Average Fade Duration
Understanding Average Fade Duration
In a multipath fading environment, the received signal envelope fluctuates rapidly as the mobile receiver moves through constructive and destructive interference patterns. When the envelope drops below a threshold (typically set at the receiver sensitivity or the FEC coding threshold), a burst of errors occurs until the signal recovers. The AFD tells the designer how long, on average, each of these error bursts lasts. Combined with the level crossing rate (how often the signal crosses the threshold), AFD completely characterizes the second-order temporal statistics of the fading process.
AFD is inversely proportional to the maximum Doppler frequency (fm = v/λ), which means faster-moving vehicles experience shorter but more frequent fades. At 1.9 GHz and 120 km/h, each fade at the -10 dB threshold lasts only about 0.37 ms. At walking speed (5 km/h), the same fade lasts approximately 8.9 ms. This speed dependence has critical implications: slow-moving users experience long burst errors that challenge interleaver design, while fast-moving users experience short fades that are easier to code through but complicate channel estimation.
AFD Formulas
τ̄ = (eρ2 - 1) / (ρ × fm × √(2π))
Where:
ρ = R / Rrms (threshold normalized to RMS level)
fm = v / λ (maximum Doppler frequency, Hz)
v = mobile velocity (m/s), λ = wavelength (m)
Level Crossing Rate (Rayleigh):
NR = √(2π) × fm × ρ × e-ρ2
Relationship:
P(r < R) = NR × τ̄ = 1 - e-ρ2
Burst Error Length:
Lburst = τ̄ × Rdata (bits)
AFD at 1.9 GHz by Speed and Threshold
| Speed | fm (Hz) | AFD at -10 dB | AFD at -20 dB | Burst Length at 1 Mbps (-10 dB) |
|---|---|---|---|---|
| 5 km/h (walk) | 8.8 | 8.9 ms | 1.0 ms | 8,900 bits |
| 30 km/h (urban) | 52.8 | 1.49 ms | 0.17 ms | 1,490 bits |
| 60 km/h (suburban) | 105.7 | 0.74 ms | 0.084 ms | 740 bits |
| 120 km/h (highway) | 211.4 | 0.37 ms | 0.042 ms | 370 bits |
Frequently Asked Questions
How is average fade duration calculated for a Rayleigh fading channel?

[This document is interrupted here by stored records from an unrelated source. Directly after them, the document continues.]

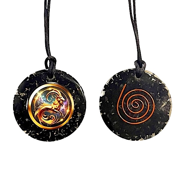 Dette orgonit vedhæng med stjernetegnet Stenbukken er et spirituelt smykke, der forener symbolik, krystalenergi og et kraftfuldt udtryk. Vedhænget måler 4 cm i diameter og leveres med en justerbar sort snøre, så det nemt kan tilpasses din personlige stil og dit energiarbejde. Smykket er skabt til at kunne bæres i hverdagen og fungere som et personligt energiredskab.
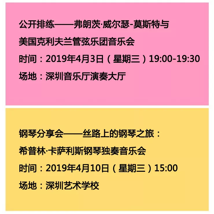 2019深圳“一帶一路”國(guó)際音樂(lè)季秉承文化惠民的原則,高品質(zhì)演出的門(mén)票價(jià)格平易近人,最低票價(jià)至100元/張。更有超值優(yōu)惠的學(xué)生票,部分演出免費(fèi)免票。
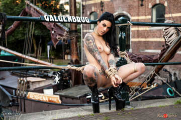 When finally someone in the building wakes up and spots us we move to a different spot - the galgenbrug (gallowsbridge), a name that refers to the view of the gallows of the Volewijck from here. Feeling nostalgic we try to honor the name, we squat Nereida, tie her legs spread and unable to stand up "hang" her from the bridge railing by the neck.
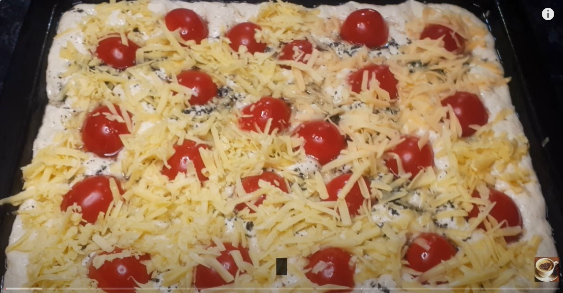 Тем временем можно приготовить ароматное масло, подогрев оливковое с добавлением сушеных трав. Обычно в это время натирают сыр и нарезают помидоры черри. Когда тесто подходит, его необходимо вдавить пальцами, чтобы сделать характерные углубления. В эти ямки вливается ароматное масло, сверху выкладываются помидоры и сыр.
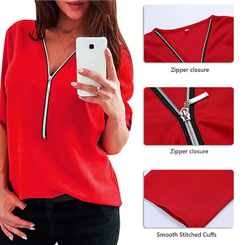 2021 Европейская Новая мода женская блуза с коротким рукавом на молнии с пуговицами Топы женские с v-образным вырезом Повседневная Свободная шифоновая рубашка Vestidos Mujer
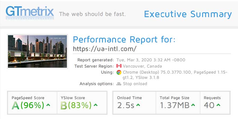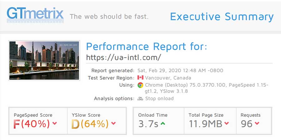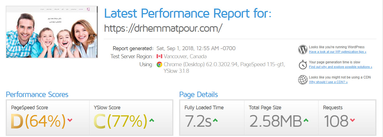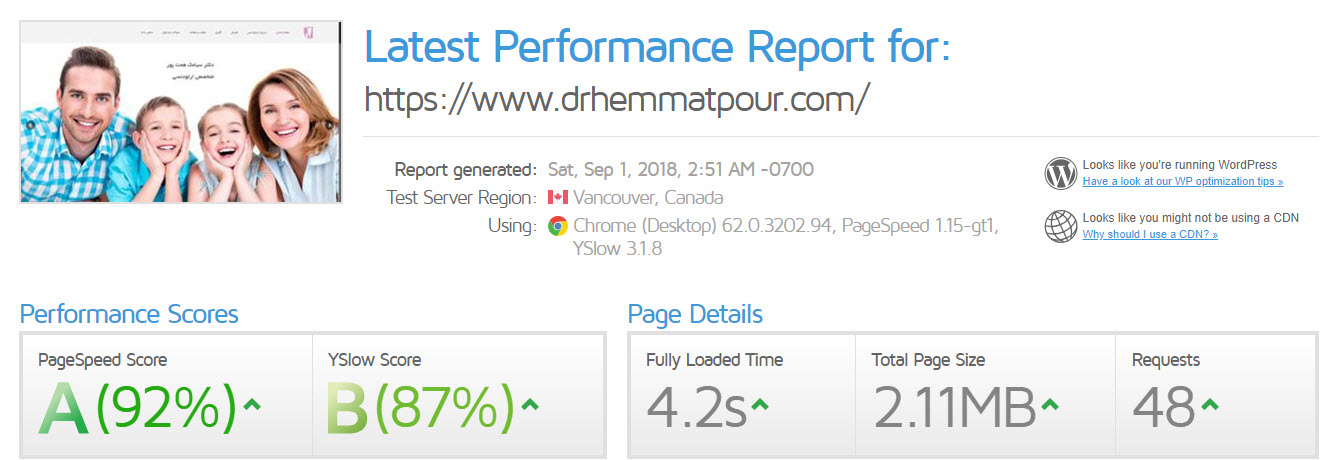 در این وب سایت سرعت لود صفحات بسیار بالاست و مشکلات زیادی در تصاویر ، تعداد درخواست ها و همچنین زمان بارگذاری صفحه وجود داشت، به دلیل استفاده از تصاویر بهینه نشده و همچنین استفاده از پلاگین های غیر ضرور سرعت بسیار پایین است . تعداد درخواست ها در این وب سایت 96 درخواست بوده و حجم صفحه اصلی وب سایت 11.9 مگابایت بوده که فاصله ی بسیار زیادی با استاندارد های گوگل دارد . در ادامه ملاحظه میفرمایید که پس از بهینه سازی سرعت چه اتفاقی برای این وب سایت افتاده است .

For Rayleigh fading, AFD equals (e^(rho^2) - 1) / (rho times f_m times sqrt(2*pi)), where rho is the threshold normalized to the RMS level and f_m is the maximum Doppler frequency (v/lambda). At 1.9 GHz with a vehicle at 60 km/h (f_m = 105.7 Hz) and a threshold 10 dB below the RMS level (rho = 0.316), the AFD is approximately 0.74 ms. At 1 Mbps, this corresponds to about 740 corrupted bits per fade event. Deeper thresholds produce shorter fades because the signal spends less time at extreme levels.
What is the relationship between AFD and level crossing rate?
AFD and level crossing rate (LCR) are complementary second-order statistics connected by the fade probability: P(r less than R) = AFD times N_R. For Rayleigh fading, N_R = sqrt(2*pi) * f_m * rho * exp(-rho^2). At deep fade levels (small rho), fades are infrequent but long. At shallow levels (rho near 1), fades are frequent but short. Together, AFD and LCR completely describe the temporal fading behavior needed for system design.
How does AFD affect interleaver design?
The interleaver depth must be 5 to 10 times the average burst error length (AFD times data rate) to spread burst errors across multiple codewords. For an AFD of 1 ms at 10 Mbps, the burst length is 10,000 bits, requiring 50,000 to 100,000 bits of interleaving. In LTE, turbo code interleavers (up to 6,144 bits) combine with channel interleaving across the 1 ms TTI and OFDM frequency diversity across 1,200 subcarriers. At mmWave frequencies, higher Doppler rates produce shorter fades, which actually relaxes the interleaver requirement.